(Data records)
---*---
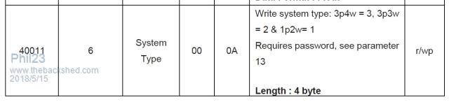 Hi Mad, Don't think I have. Found a few hints in the SDM630 3 phase manual though. And also the parameters that I think allow it to operate as a 3 channel single phase meter. They mention it requires a password, but I'd expect a lot of the other parameters would too. Makes sense if the device's setup mode is P/W protected, so too should all the registers that related to configuration. They then mention these two commands, but don't say what the data type is on the P/W that allows writes. Have also had a look at the code in the Arduino Library for these meters, but I can't see anywhere that's using any of the password related registers. Have 3 meters running now, just need to decide what to do with the data. Phil |
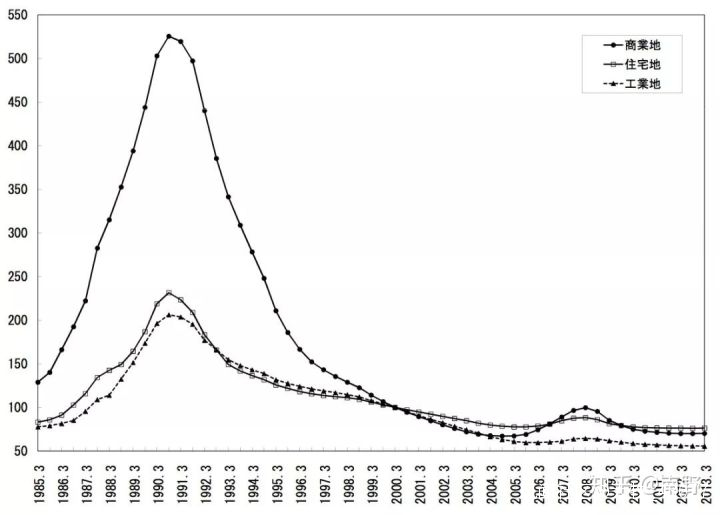 1990年開始,面臨金融風險的日本開始對市場進行調控,連續五次上調利率,導致房地產泡沫在1992年破滅。
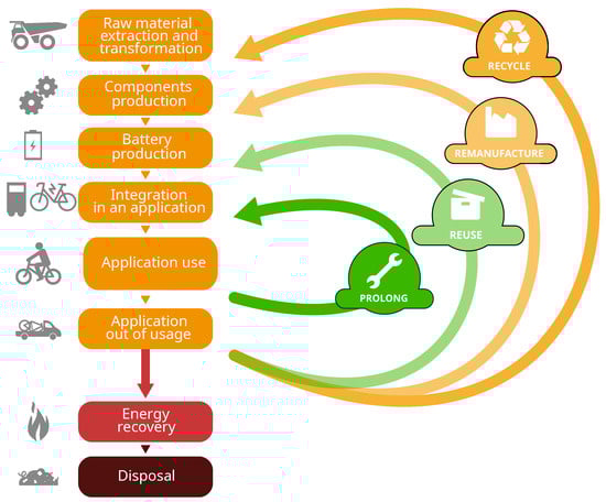 The most preferable action to take is to extend the lifespan of the application for which the battery was produced as much as possible. Thermal management [8,9] and optimal charging strategies [10,11] are some solutions that can help to prolong battery lifetime [12]. When the battery is no longer suitable for its first application, the possibility of giving the battery a second life should be systematically considered. Battery second life can be defined as the complete (referred to as reuse in Figure 1) or partial (referred to as remanufacture in Figure 1) reuse of the battery for the original purpose for which it was designed [13].
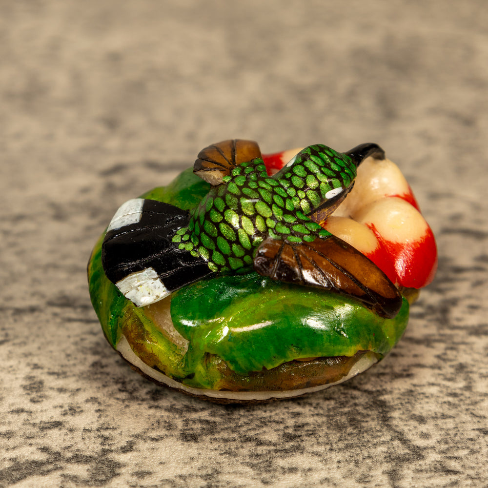 Delve into the world of sustainable art with our exquisite hand-carved Hummingbird tagua nut sculptures. Known as "vegetable ivory," tagua nuts offer a cruelty-free alternative to ivory, making each piece not only beautiful but also eco-friendly. Our skilled artisans dedicate hours to carefully shaping, detailing, and polishing the tagua to highlight its natural luster and intricate textures.
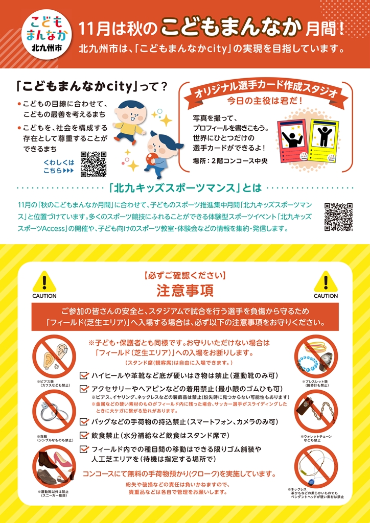 そんなミクスタで、今週末の11月2日(日)、子どもたちが9種類のスポーツを一度に体験できるイベントが北九州市により開催される。
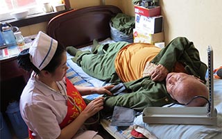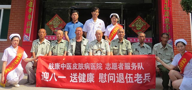 肤康中医皮肤病医院志愿者服务队是由医院医护人员自发组建的致的公益组织。本着“奉献、友爱、互助、进步”的志愿者精神,医护志愿者在为老兵们送上慰问品的同时为他们仔细进行健康检查和生活护理,用微笑和爱心让老兵们感受到浓浓的亲情和社会大家庭的温暖。
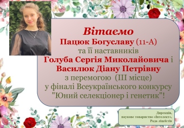 Вітаємо Пацюк Богуславу (11-А) та її наставників Голуба Сергія Миколайовича і Василюк Діану Петрівну з перемогою (ІІІ місце) у фіналі Всеукраїнського конкурсу "Юний селекціонер і генетик"!
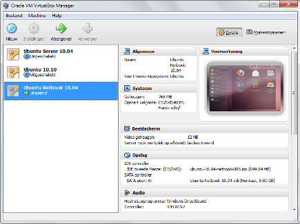 Voor wie VirtualBox een beetje kent, zijn de wijzigingen (die nochtans niet zo talrijk zijn) in de interface onmiddellijk zichtbaar. In het hoofdvenster krijgt u bijvoorbeeld, als u een virtuele machine selecteert, rechts in de eigenschappen een screenshot te zien, met een voorvertoning van wat er zich op dat moment op het scherm van de machine afspeelt. Handig om in één oogopslag te zien of dit de juiste virtuele machine is. Ook praktisch is dat u nu een snelkoppeling kunt maken naar een virtuele machine: rechtsklik op een virtuele machine in het hoofdvenster van VirtualBox en kies Maak een snelkoppeling op het bureaublad. Vanaf nu kunt u de virtuele machine eenvoudig opstarten door op het icoontje op het bureaublad te dubbelklikken.
---*---
◆ Exercise: Only the text of the records belongs in your answer, repeated exactly; the pictures stay out.

◆ Output of the exercise:
 Hi Mad, Don't think I have. Found a few hints in the SDM630 3 phase manual though. And also the parameters that I think allow it to operate as a 3 channel single phase meter. They mention it requires a password, but I'd expect a lot of the other parameters would too. Makes sense if the device's setup mode is P/W protected, so too should all the registers that related to configuration. They then mention these two commands, but don't say what the data type is on the P/W that allows writes. Have also had a look at the code in the Arduino Library for these meters, but I can't see anywhere that's using any of the password related registers. Have 3 meters running now, just need to decide what to do with the data. Phil |
 1990年開始,面臨金融風險的日本開始對市場進行調控,連續五次上調利率,導致房地產泡沫在1992年破滅。
 The most preferable action to take is to extend the lifespan of the application for which the battery was produced as much as possible. Thermal management [8,9] and optimal charging strategies [10,11] are some solutions that can help to prolong battery lifetime [12]. When the battery is no longer suitable for its first application, the possibility of giving the battery a second life should be systematically considered. Battery second life can be defined as the complete (referred to as reuse in Figure 1) or partial (referred to as remanufacture in Figure 1) reuse of the battery for the original purpose for which it was designed [13].
 Delve into the world of sustainable art with our exquisite hand-carved Hummingbird tagua nut sculptures. Known as "vegetable ivory," tagua nuts offer a cruelty-free alternative to ivory, making each piece not only beautiful but also eco-friendly. Our skilled artisans dedicate hours to carefully shaping, detailing, and polishing the tagua to highlight its natural luster and intricate textures.
 そんなミクスタで、今週末の11月2日(日)、子どもたちが9種類のスポーツを一度に体験できるイベントが北九州市により開催される。
 肤康中医皮肤病医院志愿者服务队是由医院医护人员自发组建的致的公益组织。本着“奉献、友爱、互助、进步”的志愿者精神,医护志愿者在为老兵们送上慰问品的同时为他们仔细进行健康检查和生活护理,用微笑和爱心让老兵们感受到浓浓的亲情和社会大家庭的温暖。
 Вітаємо Пацюк Богуславу (11-А) та її наставників Голуба Сергія Миколайовича і Василюк Діану Петрівну з перемогою (ІІІ місце) у фіналі Всеукраїнського конкурсу "Юний селекціонер і генетик"!
 Voor wie VirtualBox een beetje kent, zijn de wijzigingen (die nochtans niet zo talrijk zijn) in de interface onmiddellijk zichtbaar. In het hoofdvenster krijgt u bijvoorbeeld, als u een virtuele machine selecteert, rechts in de eigenschappen een screenshot te zien, met een voorvertoning van wat er zich op dat moment op het scherm van de machine afspeelt. Handig om in één oogopslag te zien of dit de juiste virtuele machine is. Ook praktisch is dat u nu een snelkoppeling kunt maken naar een virtuele machine: rechtsklik op een virtuele machine in het hoofdvenster van VirtualBox en kies Maak een snelkoppeling op het bureaublad. Vanaf nu kunt u de virtuele machine eenvoudig opstarten door op het icoontje op het bureaublad te dubbelklikken.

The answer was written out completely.